Lead The Pack Or Follow The Leader: Insuring Risk In The Sharing Economy (from Accenture)

(Excerpt) The sharing economy represents an outstanding opportunity for insurers to forge closer relationships with their customers and connect with a wider base of prospects. In addition, it is forcing insurers to rethink all aspects of their business including product design, pricing, risk assessment and channel strategies. Insurers that are first-movers in this arena are likely to become powerful market leaders in the sharing economy. Given the rapid and likely long-term expansion of this market, this should provide an excellent opportunity to drive profitability and growth.

Risks of the Sharing Economy (by Andres Franzetti Risk Management)

(Excerpt) While the peer-to- peer market is growing, there are many headwinds that could derail this powerful economic force. Regulatory requirements will become more rigorous as the segment matures. Additionally, insurers’ wariness of the sub-contractor structure and the high liability risk makes these businesses particularly vulnerable. One lawsuit could wipe out a company before it gets off the ground. With limited access to insurance markets, these firms need to find alternative risk transfer vehicles.

The Sharing Economy, Through a Broader Lens (from Stanford Social Innovation)
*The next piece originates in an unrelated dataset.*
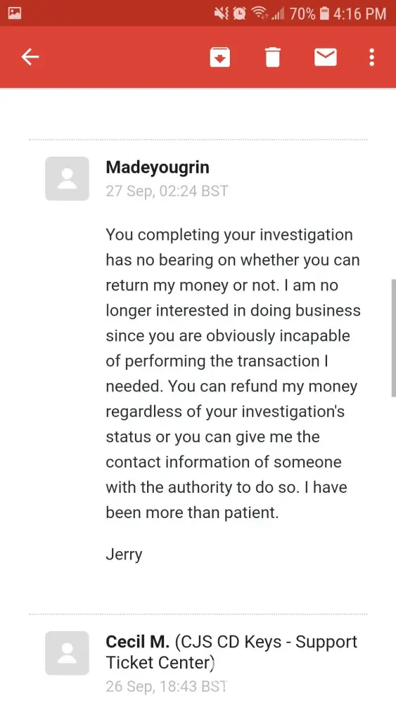 I bought a "Gears 5 CD Key For Steam" and they sent me a link to a shady page from another domain that asked me to enter my Steam credentials (!). Of course, I refused and asked their support to either send me the right product (the CD Key I bought), or to refund. They denied both. We went back and forth (I have the full conversation) and while they admitted that what they sent me was not what I bought, they STILL refused to refund me. I warned them, waited 3 days and started a PP dispute that's still ongoing. I'm yet to get a reply/resolution from them, it's like they're hiding their head in the sand and waiting for this to blow over. So I'll use that time to tell everyone to not fall for their bait and switch.
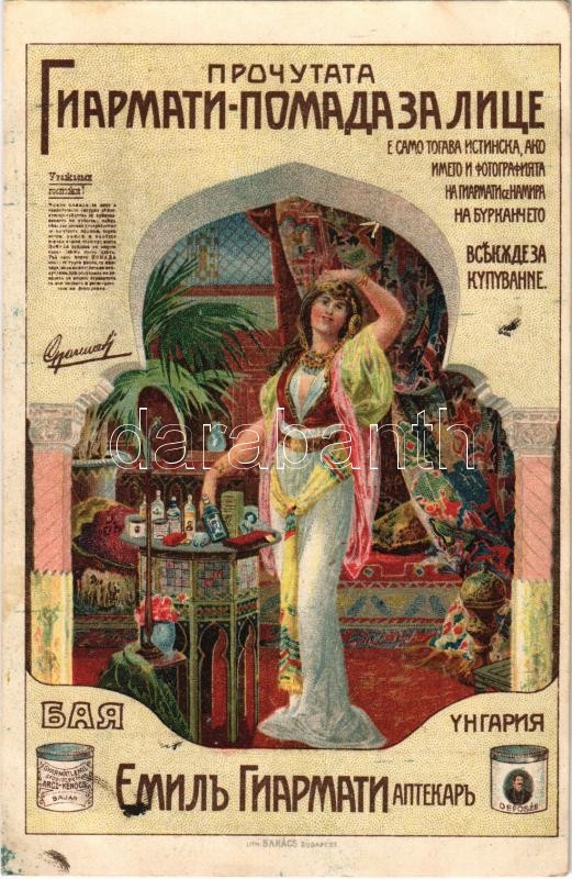 Baja, Gyarmati Emil féle arckenőcs bolgár nyelvű litho reklámlapja, kapható Gyarmati gyógyszertárában Baján / Hungarian pharmacist’s face cream advertising card, Bulgarian edition. litho (fl)<a href="https://www.darabanth.com/hu/nagyaukcio/40/katego

(Excerpt) The sharing economy offers opportunities for emerging markets, megacities, and the rising middle class, but we need more collaboration across sectors—and the impact investment community. To date, the vast majority of activity in the sharing economy has focused on the private sector: startups, private investment, and questions around what it means for big business. However, there is an equally significant set of opportunities for the public and social sectors. This is a conversation that has yet to surface in a meaningful way, and until it does, our understanding of the sharing economy is incomplete.
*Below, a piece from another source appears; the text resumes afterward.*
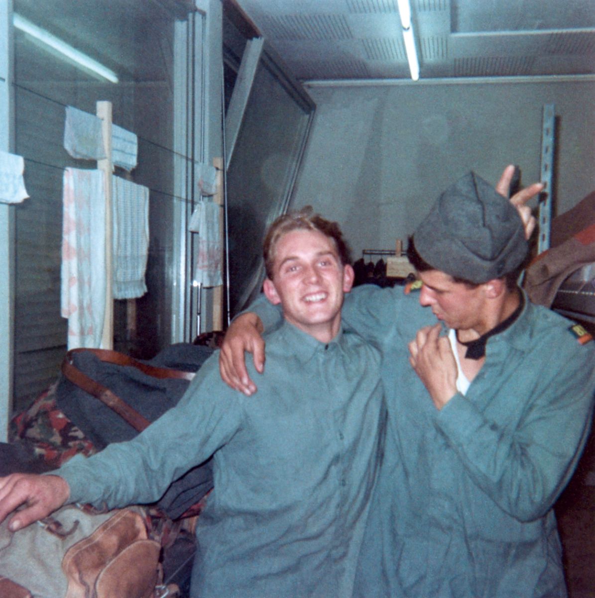 Nun interessiert mich natürlich brennend, wie Anna und Jakob zueinander gefunden haben. Auf die Frage, wie ihre Liebesgeschichte begonnen hat, antwortet Köbi sofort: ,,z’Militär het e wichtigi Rolle gspillt.’’ Nach seiner Zeit auf hoher See sei er im August 1967 eingerückt, um die RS abzuschliessen. Dies war nötig, da er sich als 19-Jähriger während der Rekrutenschule, nach einem Sturz aus fünf Metern, einen 7,5 Zentimeter langen Leberriss zugezogen hatte und daraufhin aus dem Militär ausscheiden musste.

Cities, The Sharing Economy and What’s Next (From National League of Cities)

(Excerpt) The vast differences in the types of sharing economy platforms can be mind- boggling, from pure sharing services with no money changing hands to commercial services and everything in between. Policymakers often assume that the concept of the sharing economy applies only to ridesharing (or ridehailing) and homesharing, and are typically unaware of the wide array of goods and services that can be shared, which range from food and other consumables to an individual’s time and tools. Municipalities, for example, can even share heavy equipment, reducing overall expenditures and providing needed tools that might otherwise have been unavailable.

How The Sharing Economy Can Make Its Case (From McKinsey)
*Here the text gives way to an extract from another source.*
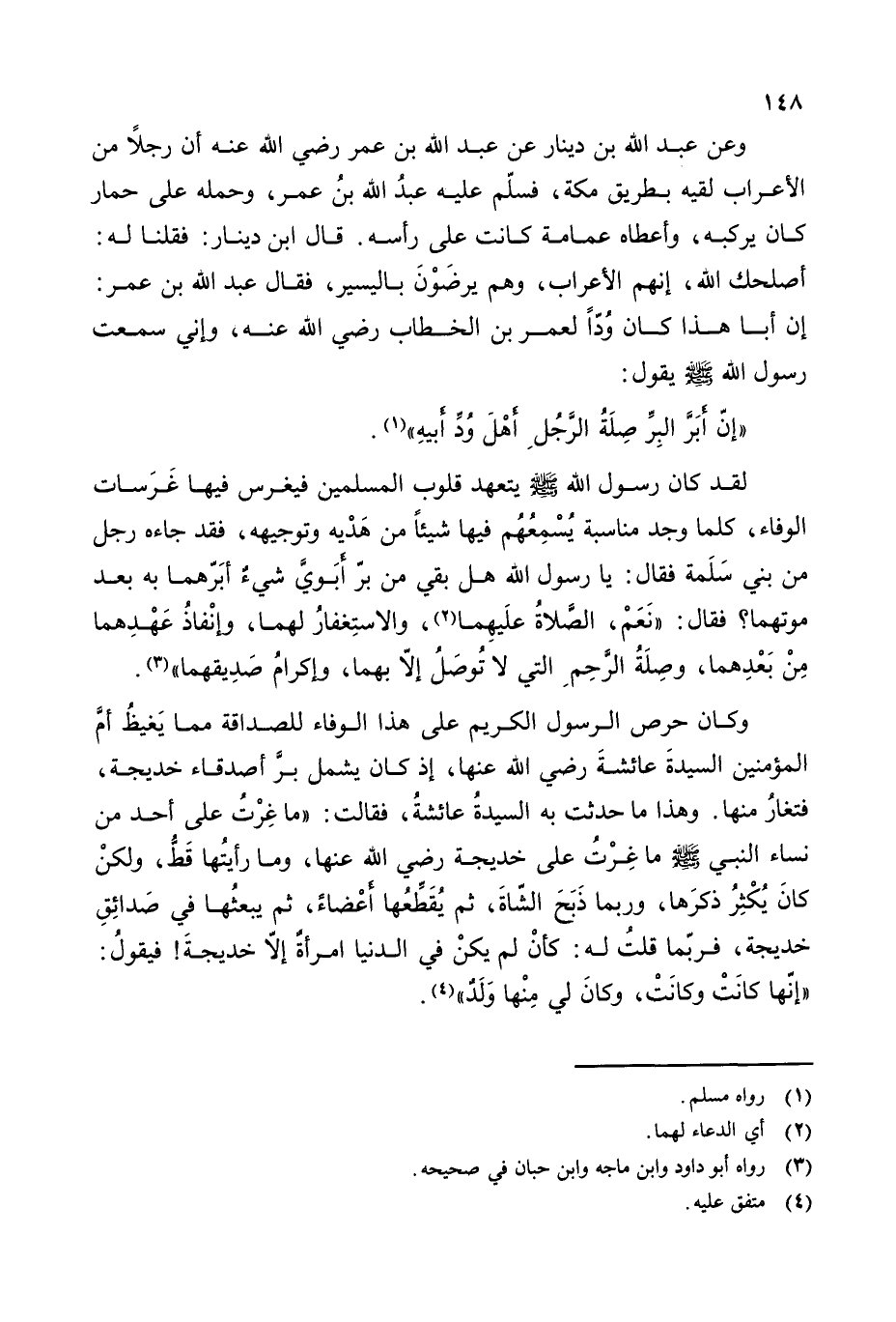 وعن عبد الله بن دينار عن عبد الله بن عمر رضي الله عنه أن رجلا من الأعراب لقيه بطريق مكة، فسلم عليه عبد الله بن عمر، وحمله على حمار كان يركبه، وأعطاه عمامة كانت على رأسه. قال ابن دينار: فقلنا له: أصلحك الله، إنهم الأعراب، وهم يرضون باليسير، فقال عبد الله بن عمر: إن أبا هذا كان ودا لعمر بن الخطاب رضي الله عنه، وإني سمعت رسول الله - صلى الله عليه وسلم - يقول:

The best-known sharing-economy companies do business in ride sharing (BlaBlaCar, Didi Kuaidi, Lyft, Uber, and Yandex.Taxi, for example) or in room sharing (Airbnb, Couchsurfing, onefinestay, 9flats). But in other areas too, companies have succeeded by identifying market inefficiencies and transferring control over transactions to consumers. They include shop and office sharing (We Are Pop Up), meal sharing (EatWith, Meal Sharing, Traveling Spoon)—and even clothes sharing (Yerdle) and solar-energy sharing (Yeloha). In all cases, the common threads are disintermediation, the sharing of excess capacity, and increased productivity—as well as commercial challenges, on an unprecedented scale, for incumbent operators such as taxi firms, hotels, restaurants, and utilities. Not everyone is happy, however. More broadly, regulators and governments have started to question the long-term impact of the sharing-economy business model on incumbents and communities.

Honeycomb 3.0: The Collaborative Economy Market Expansion (by Jeremiah Owyang)

(Excerpt) Honeycomb 3.0 was a large undertaking. At least 460 startups were reviewed, and 280 were chosen to be included in Honeycomb 3.0. We specifically focused more on international startups, startups that are on the upswing, and those receiving a lot of funding. The goal was to take a current snapshot of the “A-list” companies in the space.

This process led to uncovering new trends in the sharing economy and establishing new categories, subcategories, and some re-organization of previously established categories. There were also some startups from previous Honeycomb versions that no longer exist or had been cannibalized, so they were removed.